The CTBTO monitoring site in Taksaki, Gunma Prefecture recorded several spikes of Iodine over a period of four months last year...140 miles from Fukushima. Now, Ashai has reported the same data from Tsukuba, Ibaraki Prefecture, but claims it is re-surfaced contamination the monitoring station picked up. The data is there...months of falling and rising Cesium and Iodine detection at two sites in different Prefectures...basically covering the Kanto Plain. If this was caused by multiple re-criticalities at Fukushima, then GOJ has plenty of accomplices in hiding the truth.
People should write up THEIR data and documentation during the period between 3-11 and now. Present IT as the report/truth..he who gets the information out first..wins. Bet some of the discussion was in government evacuation --nothing on how to help the victims.
HUM..were minutes kept on Tsumani issues/reports?
This business about the CTBTO sensors. Where is it documented?
I want to add three to the rant please.
1) Notifying the US before the citizens of Japan about the risk.
2) Dumbing down the public with those cardboard drawings of a reactor on NHK.
3) Those stupid ass uniforms they wore to make every think they were in emergency mode.

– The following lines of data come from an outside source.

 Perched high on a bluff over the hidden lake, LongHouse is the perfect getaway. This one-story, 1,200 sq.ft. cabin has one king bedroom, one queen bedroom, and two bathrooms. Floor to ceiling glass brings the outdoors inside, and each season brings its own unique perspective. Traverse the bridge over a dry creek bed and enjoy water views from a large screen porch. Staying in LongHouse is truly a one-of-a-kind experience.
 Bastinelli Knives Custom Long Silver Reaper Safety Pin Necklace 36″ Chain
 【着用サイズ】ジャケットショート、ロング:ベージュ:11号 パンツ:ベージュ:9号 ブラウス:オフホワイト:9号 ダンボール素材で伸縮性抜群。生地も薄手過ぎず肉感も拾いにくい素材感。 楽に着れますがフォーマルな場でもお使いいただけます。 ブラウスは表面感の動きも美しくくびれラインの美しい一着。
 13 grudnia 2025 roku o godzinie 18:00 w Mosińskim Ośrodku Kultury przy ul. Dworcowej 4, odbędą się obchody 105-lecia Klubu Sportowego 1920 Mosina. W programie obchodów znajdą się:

CTBTO Takasaki monitoring station data:
http://www.bfs.de/de/ion/imis/ctbto_aktivitaetskonzentrationen_jod.gif
Ashai data from Tsukuba (High Energy Accelerator Research Organization (KEK):
http://ajw.asahi.com/article/0311disaster/analysis/AJ201201230001
These monitoring stations are in different Prefectures, but report the same tale of Iodine and Cesium spikes over a period of four months after the meltdowns.

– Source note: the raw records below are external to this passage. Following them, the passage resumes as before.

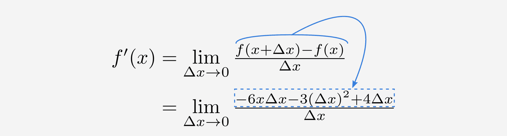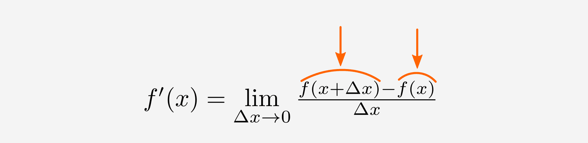 En zo hebben we de definitie van de afgeleide functie van ! 🙌 Als we naar die definitie kijken, zien we dat er twee keer iets met staat. De eerste keer staat er en de tweede keer staat er :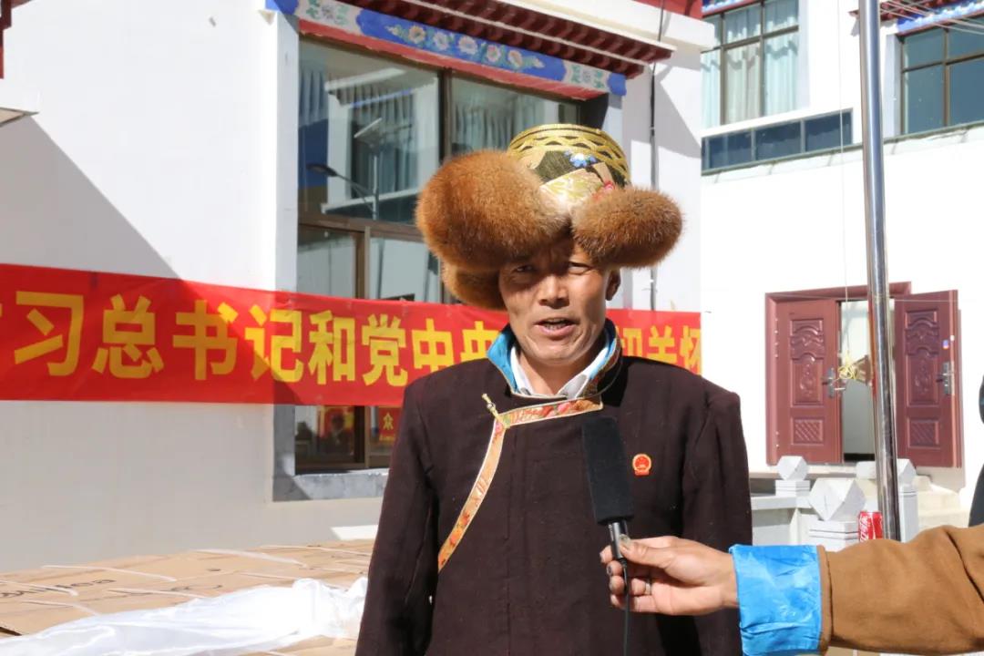 色吾村群众洛桑顿珠说:“收到中央代表团赠送的洗衣机我心里很高兴很激动,感谢党中央和习近平总书记对我们农牧民群众的关心关怀。在以后的生活中,我将时刻牢记党的恩情,以勤劳双手创造美好幸福生活。”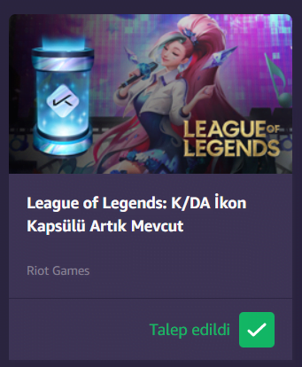 Sektöre güçlü bir başlangıç yapmasının ardından Türkiye marketine de bomba gibi düşen Amazon Prime, Riot Games ile bir iş birliği içerisine girdi. Bu iş birliği ile League of Legends için son çıkan K/DA şarkısının şerefine, Prime üyelerine ücretsiz ikon kapsülü hediye edilecek.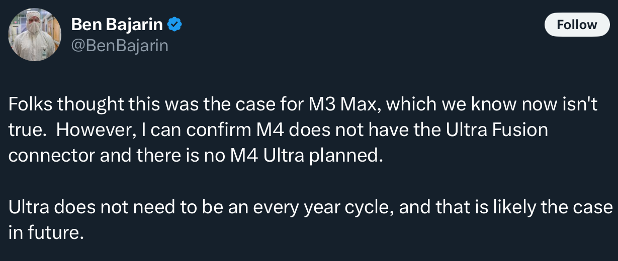 Unless it comes from Apple directly, I won’t believe it. People were very strong with their opinions that the M3 Max was missing this too. Even showed evidence with the chip design.It doesn’t look like it per Ben Bajarin, a chip industry consultant who also has a good podcast on the chip industry. He says the Ultra will skip a generation so the next one will be the M5 Ultra.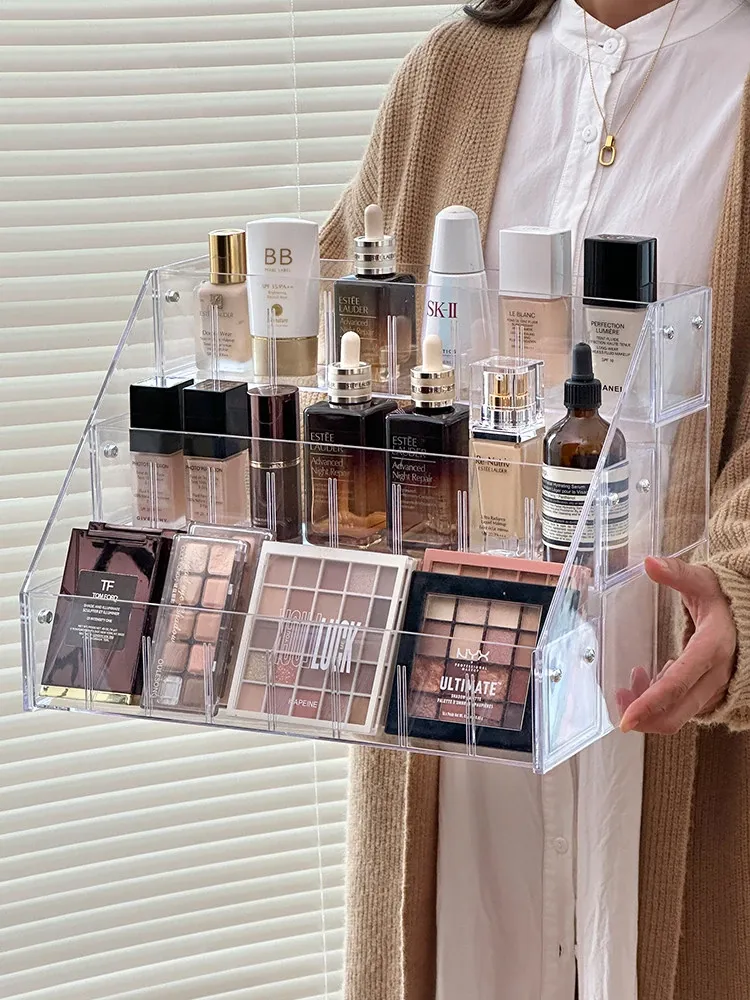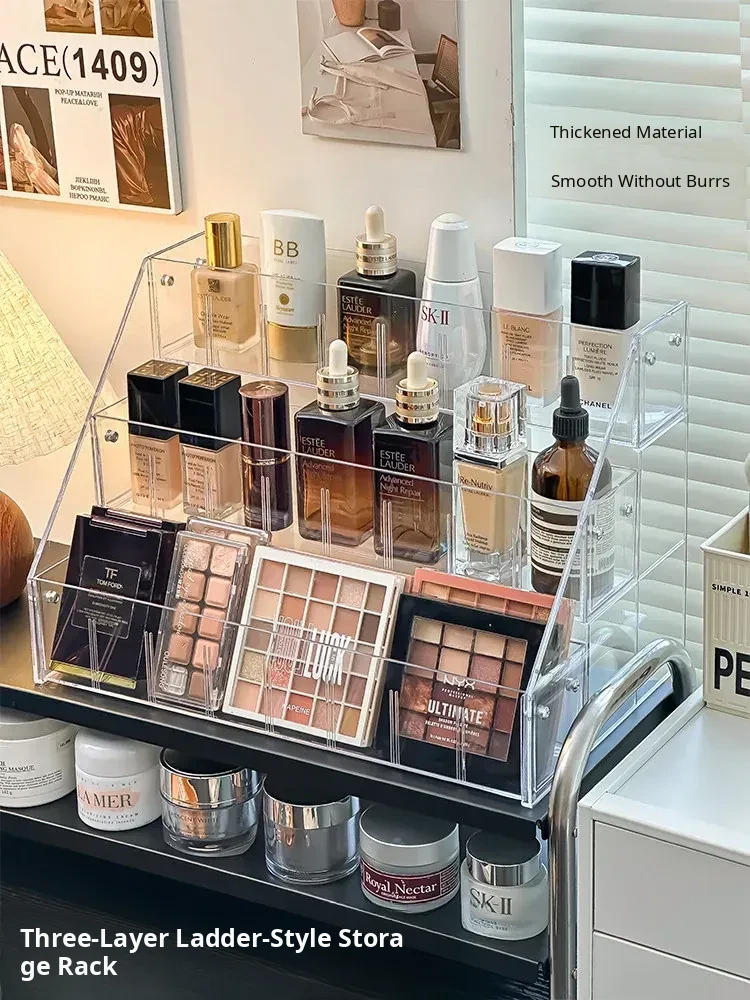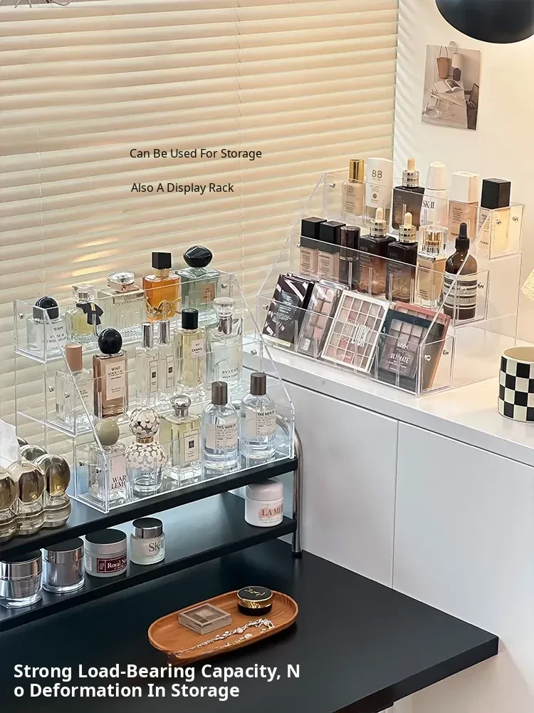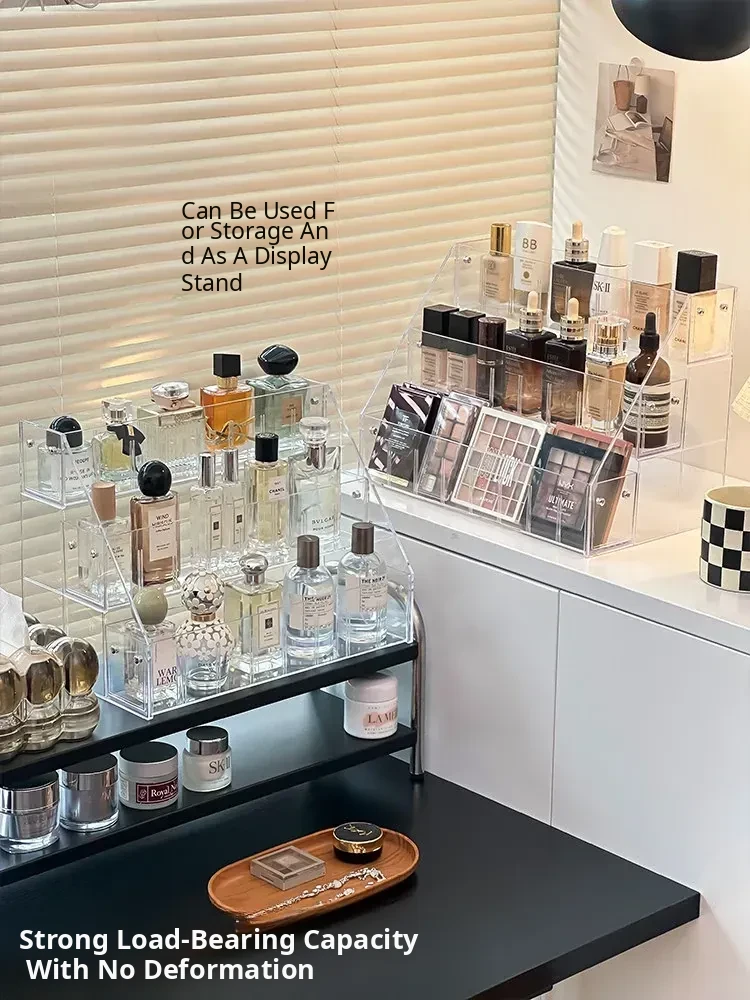 Acrylic Makeup Organizer Stand - Tiered Eyeshadow Palette Display Rack, Perfume Showcase, and Lipstick Storage Box for Your Vanity

If not re-criticality, what caused this? Ashai article reports "resurfacing" radiation from dust and wind...but does not report this happened in two different Prefectures.
The incompetence of the Japanese so called leaders is absolutely mind boggling ! Japan is a fucking disgrace ! ..
They seem competent enough at covering up things.
I mentioned this post to my wife who used to live and work in Japan. She replied that absence of minutes can probably be explained by the Disaster Response Headquaters being hungover and asleep.
If minutes were not taken, it was intentional. Anybody who has ever been to any kind of work place meeting in Japan knows this. The prime minister doesn't break wind without minutes being taken. And that's an excellent point about the tsunami damage. Any record of that discussion? If so, that proves that information on the nuclear farce was intentionally covered up.
Given these missing minutes, it is worthwhile to recall an incidence of mendacity by the bureaucracy and state during the earliest days of the Japanese nuclear power program:
Japanese electric power companies cooperated in the building of the first commercial nuclear power plant in Tokai Village, Ibaraki Prefecture in 1960 (it started operation in 1967). During construction planning in 1959, the Science and Technology Agency (Kagaku gijutsu-chō), a governmental office for the administration of science and technology policies, calculated the costs that would be incurred in the event of an accident at the Tokai Nuclear Power Plant. The agency estimated that the amount would be twice as large as the Japanese national budget at that time. However, the agency concealed this report, and denied its existence for 40 years.